Furthermore, many recent studies have demonstrated that the derepression of TEs affects the expression of nearby genes21,23,24. Therefore, we verified the impact of alterations in LTR7_HERVH expression on the expression of nearby genes within 50 kb of the LTR7_HERVH copy. Transcripts derived from LTR7_HERVH are sometimes annotated as lncRNA regardless of their function, hence only protein-coding genes were used in the analysis. Consistent with our hypothesis, the expression of genes near the LTR7_HERVH copies was significantly upregulated more than that in all the genes (Fig. 5c). Although not significant, the genes that were upregulated in TRIM28 KO hESCs tended to be closer to LTR7_HERVH copies than those that were not differentially expressed (Supplementary Fig. 12e). Specifically, in the LTR7_HERVH_2 subfamily, which exhibited the greatest increase in expression as shown in Fig. 5a, the proportion of upregulated genes was significantly higher than that of all the genes (21% vs. 2%). However, the proportion of downregulated genes did not follow this pattern (0% vs. 2%), suggesting that the derepression of LTR7_HERVH induced the upregulation of nearby genes. These findings suggest that KRAB-ZFPs/TRIM28 regulates gene expression via LTR7_HERVH. In summary, our observations suggest that the binding patterns of KRAB-ZFPs/TRIM28 formed through the evolutionary arms race suppresses and modulates LTR7_HERVH subfamilies and nearby genes, contributing to the gene regulatory networks in hESCs (Fig. 5d).

Discussion

In this study, we systematically investigated the evolutionary arms race relationship between TE families and KRAB-ZFPs (Fig. 1). We comprehensively identified the targets of KRAB-ZFPs and compared their evolutionary ages with those of their target TE subfamilies to characterize the chronological relationship between KRAB-ZFPs and TE subfamilies (Fig. 2). Furthermore, we identified and characterized novel instances of evolutionary arms races in MER11, LTR5, LTR7_HERVH, and THE1_THE1-int (Fig. 3, 4 and Supplementary Fig. 7, 11). Remarkably, we also revealed that the evolutionary arms race in LTR7_HERVH was related to the regulation of LTR7_HERVH and nearby genes in hESCs (Fig. 5). In summary, our findings suggest that TEs, KRAB-ZFPs, and their host organisms have complex co-evolutionary relationships.
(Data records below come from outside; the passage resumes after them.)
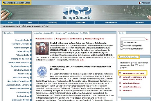 Sie erreichen die Box "Persönliche Angaben" nach Anmeldung am TSP über die Startseite des Thüringer Schulportals in der rechten Spalte. Diese Box ist nicht öffentlich und nur für Sie persönlich über Ihren Benutzernamen/ Kennwort zugänglich.
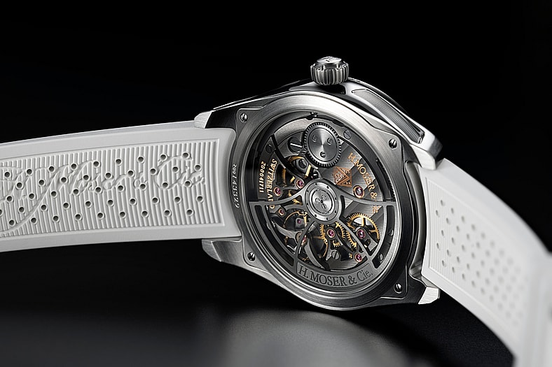 Flipping the Sunny-Side Up over reveals the beating heart of this egg-themed creation: an in-house HMC 201 automatic movement, which boasts a three-day power reserve. The bi-directional pawl winding system efficiently replenishes power, while the proprietary Straumann hairspring guarantees the artful precision that H. Moser is renowned for. The movement is finished with an anthracite treatment featuring distinctive double stripes and partially skeletonized bridges.
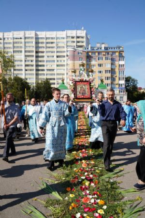 Накануне в Успенский храм была принесена икона Божией Матери «Царевококшайская» или «Мироносицкая», которая крестным ходом шествует по храмам города и окрестностей.
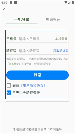 3、在登錄頁面,填寫信息并勾選協(xié)議后,點擊登錄完成賬號登錄。
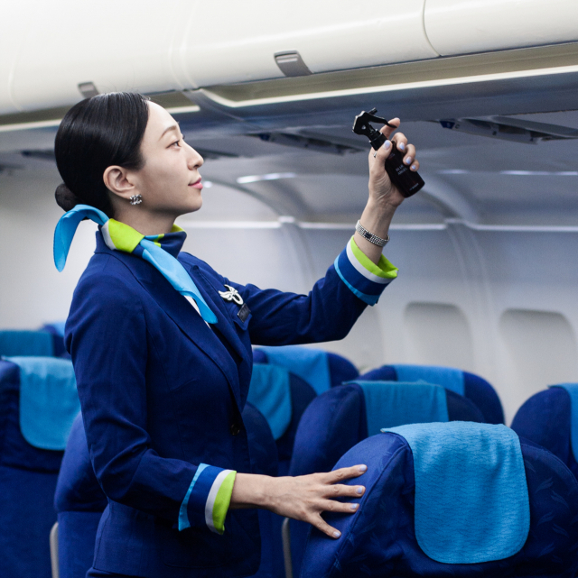 에어부산(대표 안병석)은 지난달 25일부터 여행의 설렘을 더하는 동시에 탑승객의 편안한 여행과 쾌적한 기내 환경을 조성하고자 국내·국제 전 노선에 향기 서비스를 제공하고 있다. 서비스에 사용되는 기내 방향제는 부산 지역 조향 업체와 함께 협업해 제작했다. 향 선정에는 에어부산 임직원들이 직접 참여해 설문조사를 바탕으로 최종 결정되었다. 이 방향제는 안정성과 신뢰성을 상징하는 머스크, 신선함과 차분함이 느껴지는 자스민과 만다린 등 화사하고 풍부한 느낌을 주는 향으로 제작됐다.
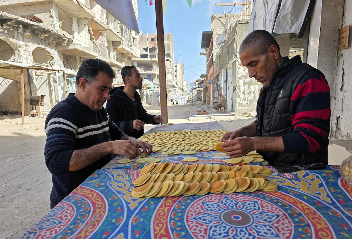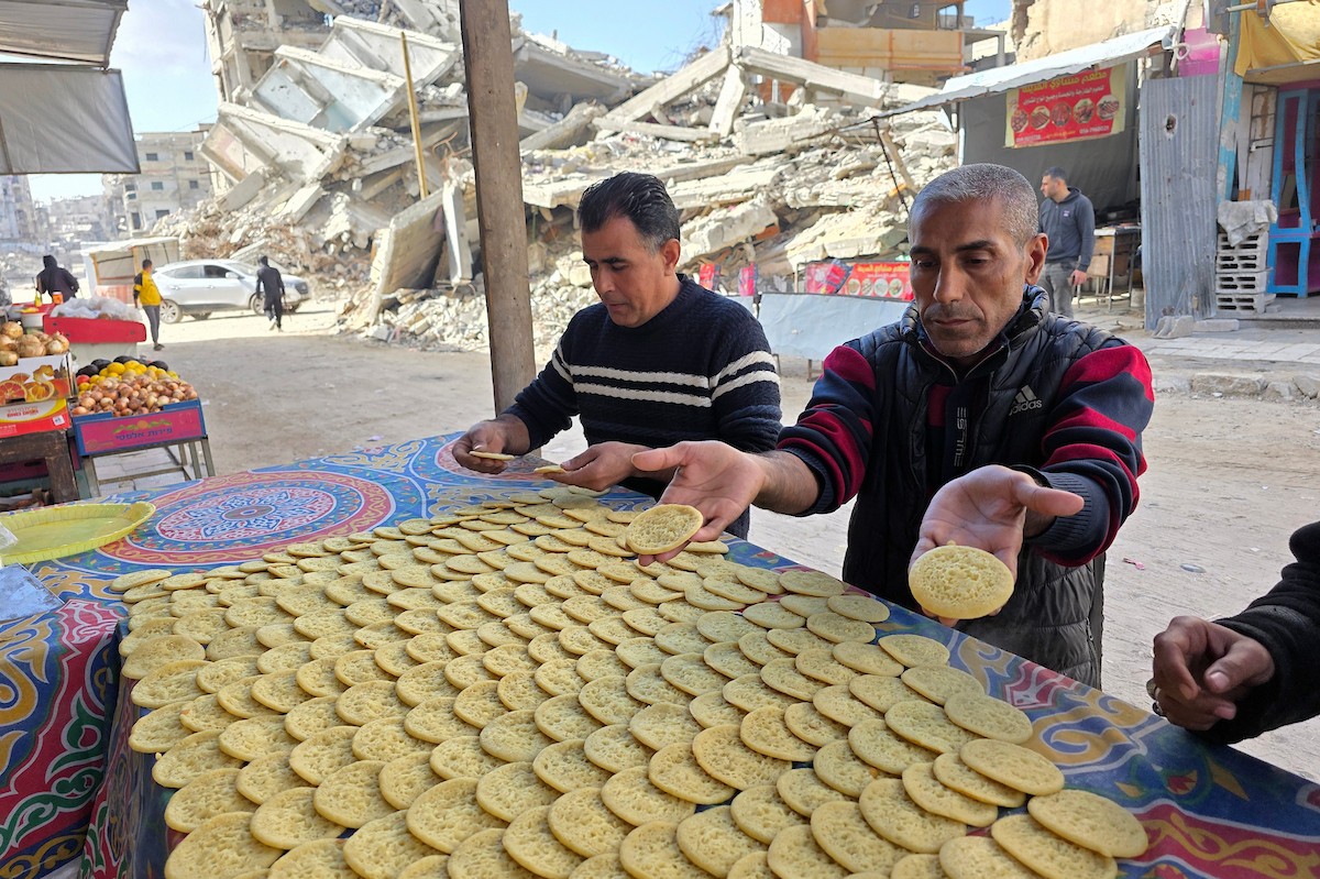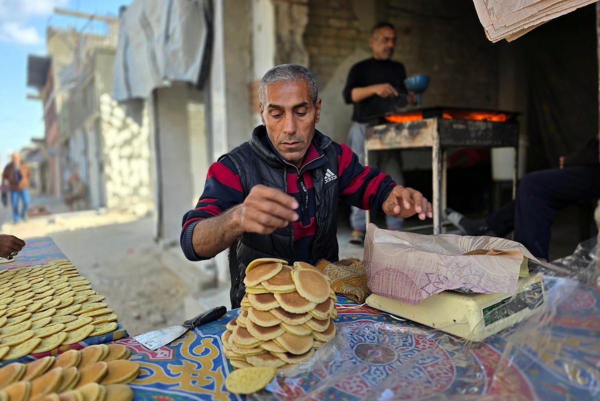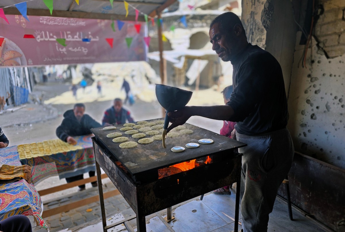 سليم البيوك ُيعدّ معجنات القطايف التقليدية باستخدام أساليب بدائية تعتمد على الحطب والنار، مُواصلاً إحياء تقاليد شهر رمضان منذ أكثر من 20 عاماً، في سوق كراج رفح في خان يونس، جنوب قطاع غزة، في 12 فبراير/شباط 2026.تصوير: طارق محمد

It has been hypothesized that KRAB-ZFPs have emerged to suppress newly emerging TE subfamilies8,9,17. Based on this hypothesis, we identified the TE targets of KRAB-ZFPs and obtained the evolutionary ages of both KRAB-ZFPs and TE subfamilies to re-examine the relationship between KRAB-ZFPs and TEs. Consistent with the results of previous studies, we observed that KRAB-ZFPs and their target TE subfamilies emerged concurrently (Fig. 2b). The expansion of KRAB-ZFPs and TE families occurred in the common ancestors of Eutherians, Simiiformes, and Catarrhines, re-emphasizing that KRAB-ZFPs engaged in evolutionary arms races through gene duplication during these periods (Supplementary Fig. 4d).
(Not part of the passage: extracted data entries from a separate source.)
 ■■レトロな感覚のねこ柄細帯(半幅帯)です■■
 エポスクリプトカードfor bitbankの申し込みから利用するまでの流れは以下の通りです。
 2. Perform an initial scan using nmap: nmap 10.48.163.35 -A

In addition to the gene duplication mechanisms discussed above, we observed that KRAB-ZFPs that emerged from the common ancestor with non-primates also targeted primate-specific TE subfamilies (Fig. 2b and Supplementary Fig. 4 h). While this phenomenon has been reported in the youngest L1, our observations suggest that it is more universal across TE classes (Supplementary Fig. 4f.)8. There are two possible explanations for this observation. First, ancient KRAB-ZFPs may have adapted to target and suppress newly emerged TE subfamilies. ZNF649, which emerged from the common ancestor of Eutherians, has been reported to have acquired new ZF domains and sequence specificity during the evolution of primates, enabling ZNF649 to suppress young L1 elements, thus supporting this hypothesis28. The second scenario is the opposite of the typical evolutionary arms race in which younger primate-specific TEs have evolved to be bound by KRAB-ZFPs. The uncontrolled expansion of TEs poses a threat to host survival and reproductive functions, suggesting a trade-off between TE proliferation and genetic persistence. Interactions with existing KRAB-ZFPs may have enabled the TEs to expand while maintaining host viability. However, these hypotheses require future research.
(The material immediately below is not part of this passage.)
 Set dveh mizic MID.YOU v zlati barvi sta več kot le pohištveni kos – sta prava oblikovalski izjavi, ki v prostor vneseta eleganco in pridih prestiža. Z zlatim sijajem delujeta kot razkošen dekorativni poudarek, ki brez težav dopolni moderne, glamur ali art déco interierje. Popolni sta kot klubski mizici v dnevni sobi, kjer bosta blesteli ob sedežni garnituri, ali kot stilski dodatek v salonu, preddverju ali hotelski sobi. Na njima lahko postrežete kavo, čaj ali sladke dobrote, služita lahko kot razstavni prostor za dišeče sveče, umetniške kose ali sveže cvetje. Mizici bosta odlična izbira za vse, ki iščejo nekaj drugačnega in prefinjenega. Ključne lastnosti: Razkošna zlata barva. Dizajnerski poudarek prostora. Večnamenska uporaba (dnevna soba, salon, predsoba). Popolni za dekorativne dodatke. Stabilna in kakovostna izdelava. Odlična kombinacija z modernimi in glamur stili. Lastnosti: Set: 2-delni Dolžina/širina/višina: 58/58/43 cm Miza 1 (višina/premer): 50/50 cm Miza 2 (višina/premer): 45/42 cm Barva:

Next, we identified many candidates for evasion events of TE families from KRAB-ZFP suppression (Fig. 3a,b). In addition to the young L1 family, which has previously been reported to evade KRAB-ZFP, many other events have been observed in ERVs. The loss of KRAB-ZFP binding in younger subfamilies was attributed to substitutions and indels in the TE sequences, which supports evasion from KRAB-ZFPs over the evolution of TE families (Fig. 3d,e and Fig. 4f). As the deletion of KRAB-ZFP clusters in mice led to a slight increase in ERV insertions over the span of a few generations, these events could have potentially induced the expansion of ERVs over millions of years16.

Moreover, we showed that several ERVs were targeted by new KRAB-ZFPs following their evasion from older KRAB-ZFPs (Figs. 3c and 4c). This retargeting by KRAB-ZFPs represents a complementary response to the emergence and expansion of young TE subfamilies that have evaded KRAB-ZFPs, suggesting the occurrence of evolutionary arms races between these ERVs and KRAB-ZFPs. It is important to note that, in many analyses, we limited ourselves to TE families that were active across multiple eras to examine the chronological relationship between the emergence of TE families and KRAB-ZFPs. In TE families that expanded over a short period, we were unable to examine TE events or evolutionary arms races. Nevertheless, our findings revealed that evolutionary arms races with KRAB-ZFPs occurred in more TE families than previously reported.

Additionally, we found that KRAB-ZFPs frequently bind not only to LTRs but also to internal regions (Supplementary Fig. 9a). While some KRAB-ZFPs have been reported to bind to the primer binding sites of ERVs, the binding sites of KRAB-ZFPs were found to be spread across the entire internal region (Fig. 4c and Supplementary Fig, 11a)37. Whether these KRAB-ZFP bindings suppress TEs will require further investigation, but since H3K9me3 induced by KRAB-ZFPs/TRIM28 can spread via HP1, it is possible that TEs are suppressed even when the binding sites of KRAB-ZFPs are distant from 5'-LTR38. Furthermore, we discovered that KRAB-ZFP bindings in the internal regions also varies among ERV subfamilies (Figs. 3b and 4b). Due to the higher sequence similarity in the internal regions compared to LTRs, subfamily classification is often absent even in TE families with many subfamilies, such as LTR7_HERVH. This finding implies that in order to fully understand the evolutionary arms race with KRAB-ZFPs and the co-option of ERVs, it is essential to conduct more detailed analyses using phylogenetic trees and subfamily classification methods.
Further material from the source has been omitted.